Workaround 3: Correct the floodset table directly.

The floodset table is reviewed and reprogrammed with the following activity:

1) Adding or removing a port from the affected VLAN.
2) Shut / No Shut of a port in the affected VLAN.
3) Removal and addition of the affected VLAN.
4) Reload of the switch with the issue.

Note that this workaround is temporary and the issue can come back again over time.

Further Problem Description:
"show platform software floodset vlan <>" and "show platform hardware floodset vlan <>" will be out of sync for the Unicast floodset.

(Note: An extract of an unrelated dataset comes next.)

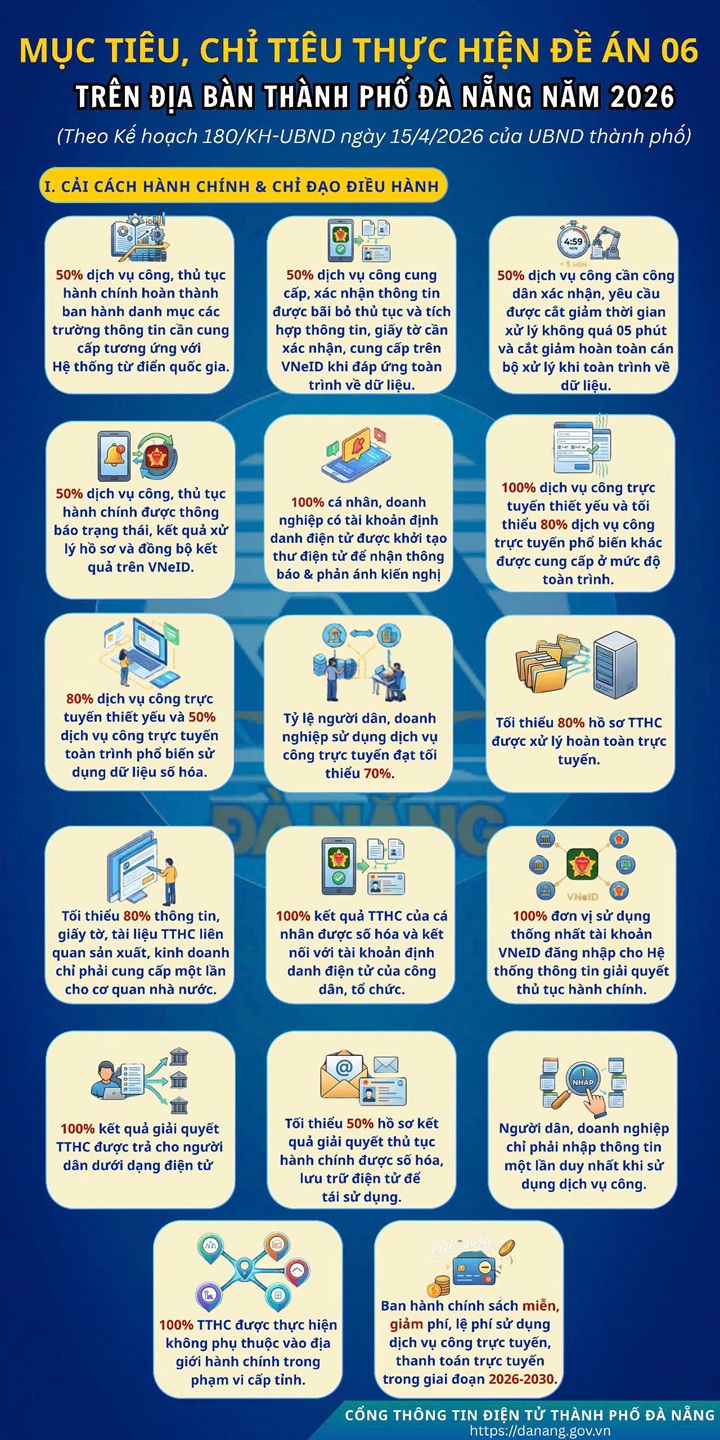 [Infographic] - Mục tiêu, chỉ tiêu thực hiện Đề án 06 trên địa bàn thành phố Đà Nẵng năm 2026

The software unicast floodset will have all the required ports in specified vlan under it.
The hardware floodset may have no ports mapped or may have some ports missing.

paul driver · ‎10-31-2017

Hello

I encountered something extremely similar on a 4500 vss core which drove me crazy for a while, then it turned out to be this CSCue76243

res
Paul

Please rate and mark as an accepted solution if you have found any of the information provided useful.
This then could assist others on these forums to find a valuable answer and broadens the community’s global network.

Kind Regards
Paul

pp089x001 · ‎03-20-2018

Hi John
did you solve this problem?
I have a plant in critical situation due an exaclty problem like you.
Did you downgrade the IOS and solved the issue?
Thanks

John King · ‎03-21-2018

I did end up downgrading and the issue has not reoccured at all. I hope
your results match mine. At least it wasn't mass amounts of downtime, only
a restart of the switch after changing the boot image.

scotts1919 · ‎04-12-2018

what version did you downgrade to? What version are you currently running? We had similar issue running 3.8.3 and recently as of this am changed to 3.8.6. Waiting to see if issue manifests itself again.

John King · ‎05-01-2018

We downgraded to: cat4500e-universalk9.SPA.03.07.00.E.152-3.E.bin

So Version 3.07.00-E

jerrymatson1 · ‎05-01-2018

We are on the same "TAC" approved version but still suffering from this issue. We have a TAC case open now to see why. We are thinking of downgrading software.

For a bit of clarification, before the 3.09.02E patch was applied we had issues with IPs on the same VLAN between switches connected to the 4500x core (the core itself could reach everything just fine). After the 3.09.02E patch was applied the problem was resolved on directly connected switches but was still a problem for indirectly connected switches daisy chained downstream from the 4500x.

System image file is "bootflash:cat4500e-universalk9.SPA.03.09.02.E.152-5.E2.bin" <--- Still broken for us.

John King · ‎05-01-2018

Not the best situation there. Is there a later version of the image you could use? If you can reliably reproduce the error you could test with a downgraded version maybe. Your situation seems slightly different to what we were experiencing from your description. We had issues between different VLANs not on the same VLAN.